President Obama had a rare foot-in-mouth moment while awarding the Presidential Medal of Freedom to the late Jan Karski, a member of the Polish resistance who infiltrated the Warsaw ghetto and a concentration camp to document Nazi attrocities.
“Before one trip across enemy lines, resistance fighters told him that Jews were being murdered on a massive scale, and smuggled him into the Warsaw Ghetto and a Polish death camp to see for himself,” Obama said.
The phrase “Polish death camp” was a gaffe. It was a Nazi death camp in occupied Poland. Karski was a courier between the Polish government-in-exile and the resistance fighters behind enemy lines.

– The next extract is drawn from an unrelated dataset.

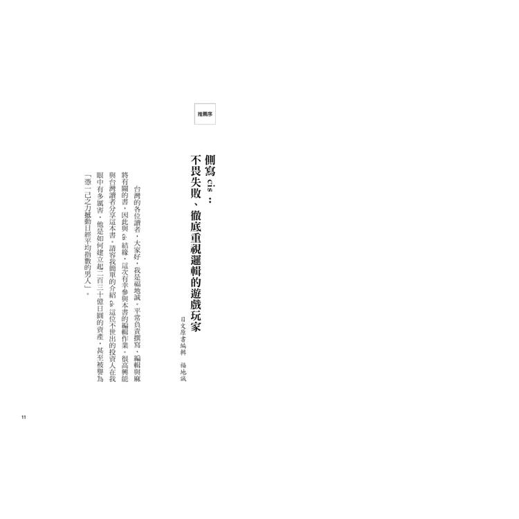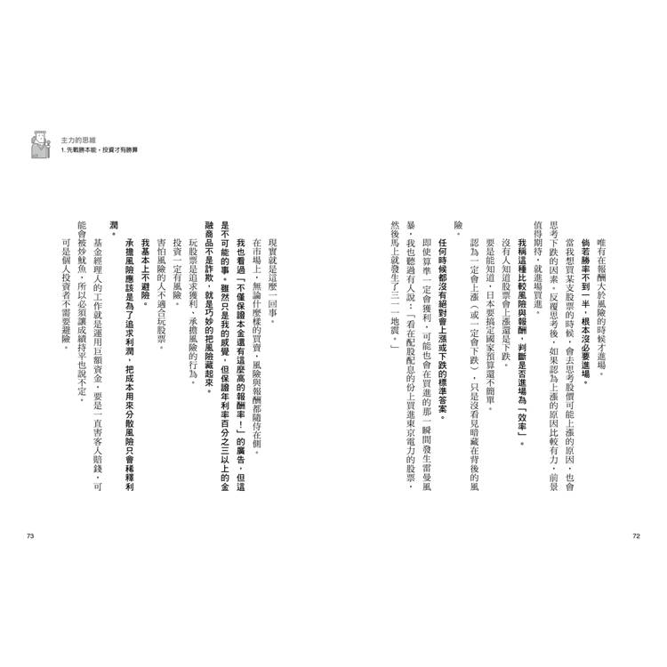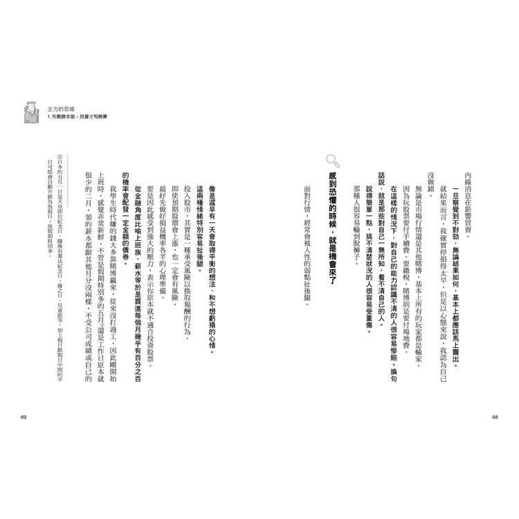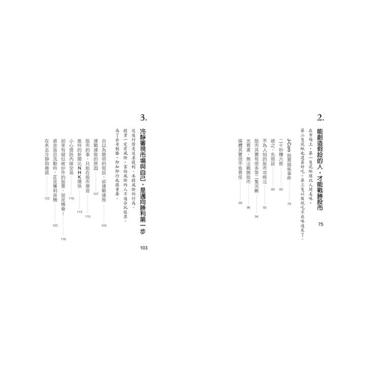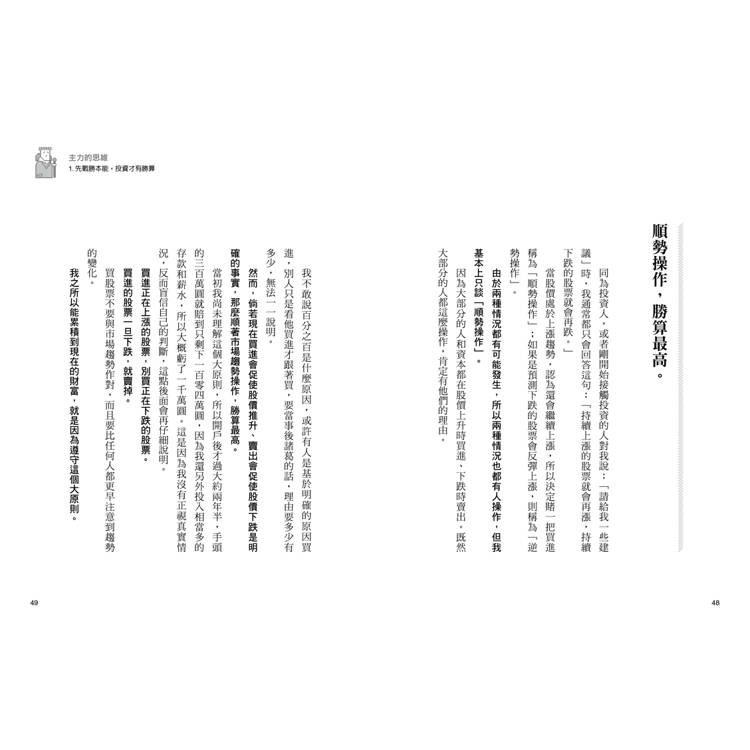 我把自己面對股市時是如何思考、行動,以及如何出奇制勝的方法整理成這本書,雖然是以股票為主,其實就連對股票不是很了解的人也看得下去。不只是股票,希望各位在面對人生的各種考驗時,本書也能提供脫穎而出的參考。」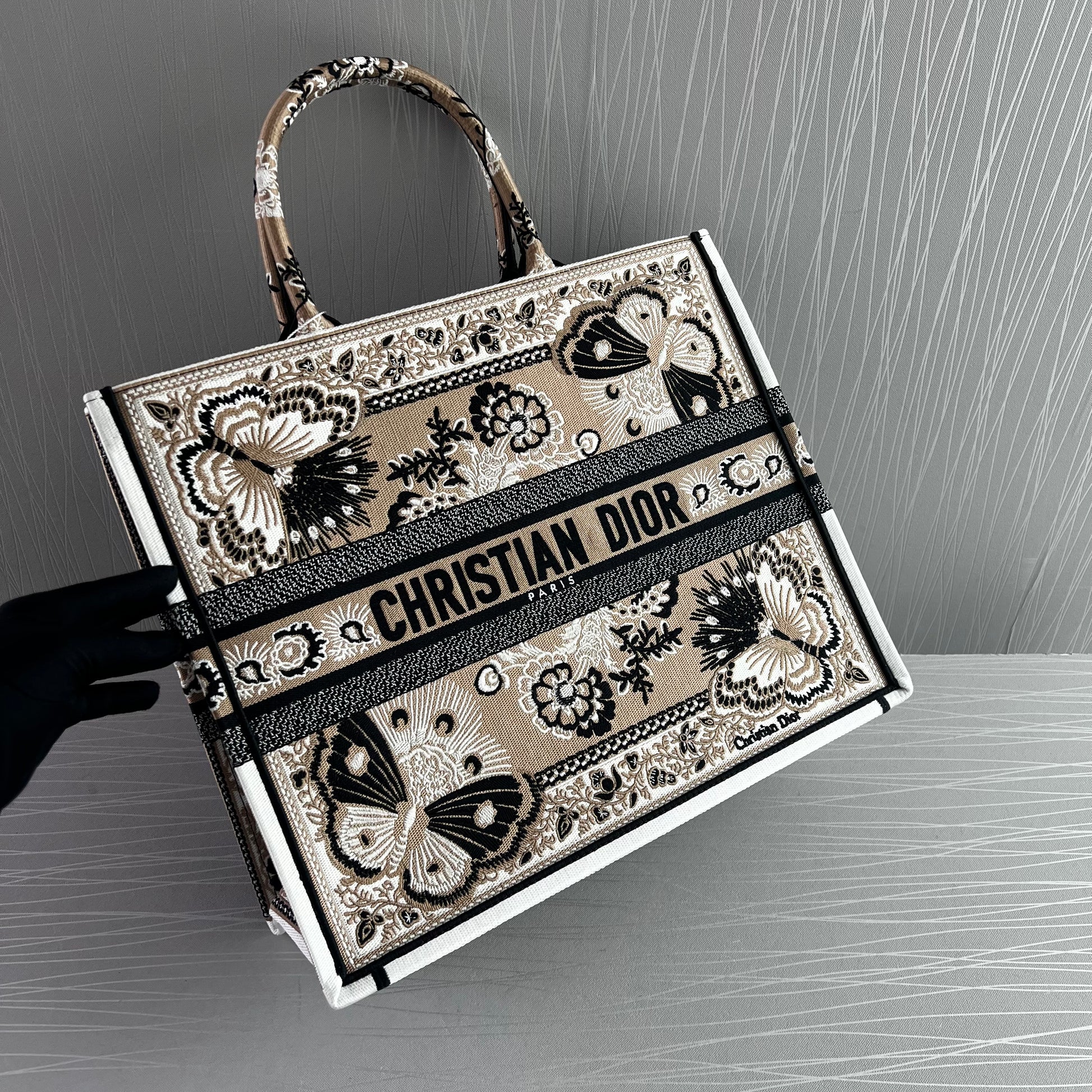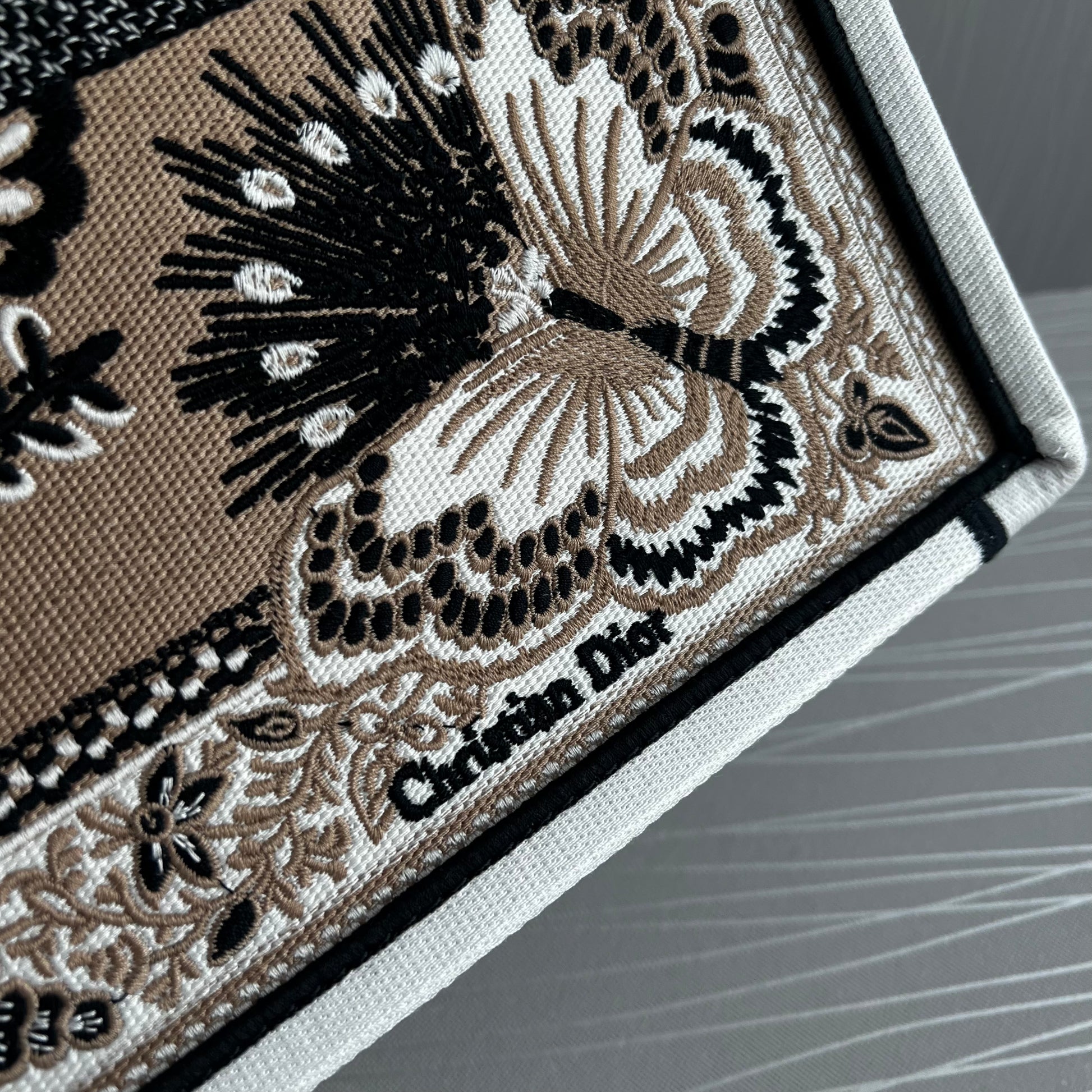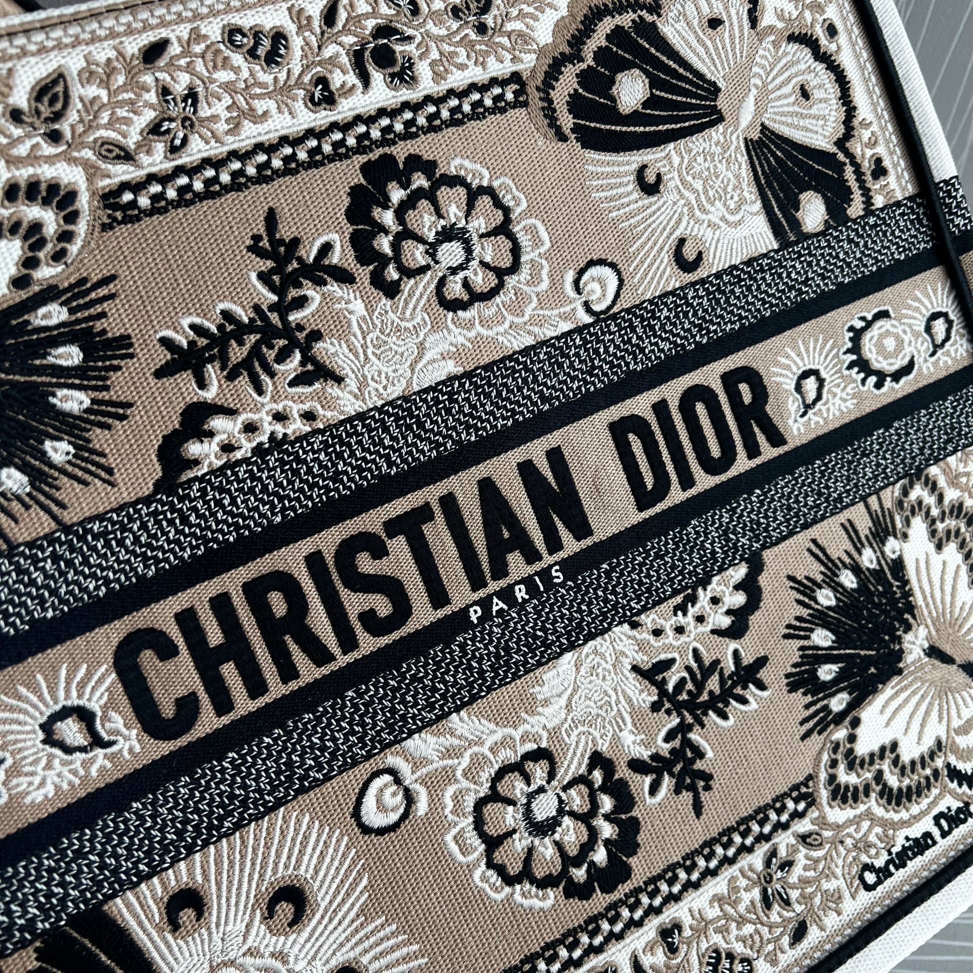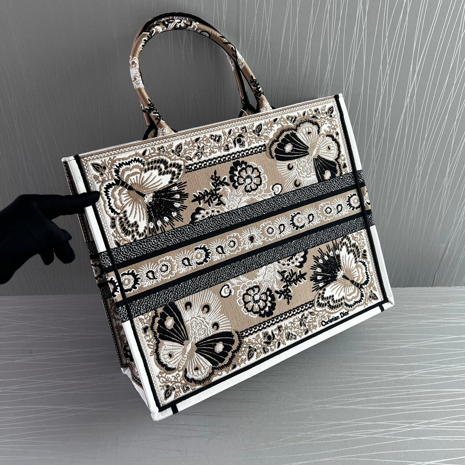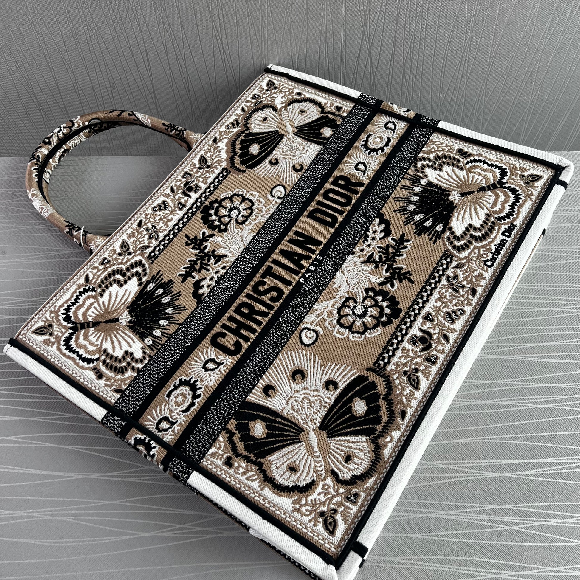 Bolso Tote tela bordada butterfly color beige multicolor, tamaño grande 42 X 35 X 18.5 cm, incluye shopping bag y bolsa guardapolvo.

Obama’s inapt choice of words created an international incident. The White House corrected the record on its website. The Polish prime minister is demanding that Obama personally address the error, even though the White House has already corrected the mistake on its website and expressed regret for the error.
David Frum of the Daily Beast insists that Obama’s statement wasn’t a gaffe at all. If it wasn’t a gaffe, what was it? Frum seems to think the remark was a kind of Freudian slip that revealed Obama’s subconscious equation of Poland with anti-semitism. Frum doesn’t offer any evidence to support this hypothesis, beyond the fact that a lot of people openly criticize Poland’s history of anti-semitism.
More likely, Obama – or his speechwriter – made an innocent but bone-headed mistake: “Polish death camp” vs. “death camp in occupied Poland.”
Even if Frum’s hunch is correct, that would make Obama’s choice of words a classic gaffe. The statement would only fail to be a gaffe would be if we assume Obama deliberately characterized the camp as Polish to deliberately insult Poland. That’s crazy. Even Frum isn’t willing to go that far.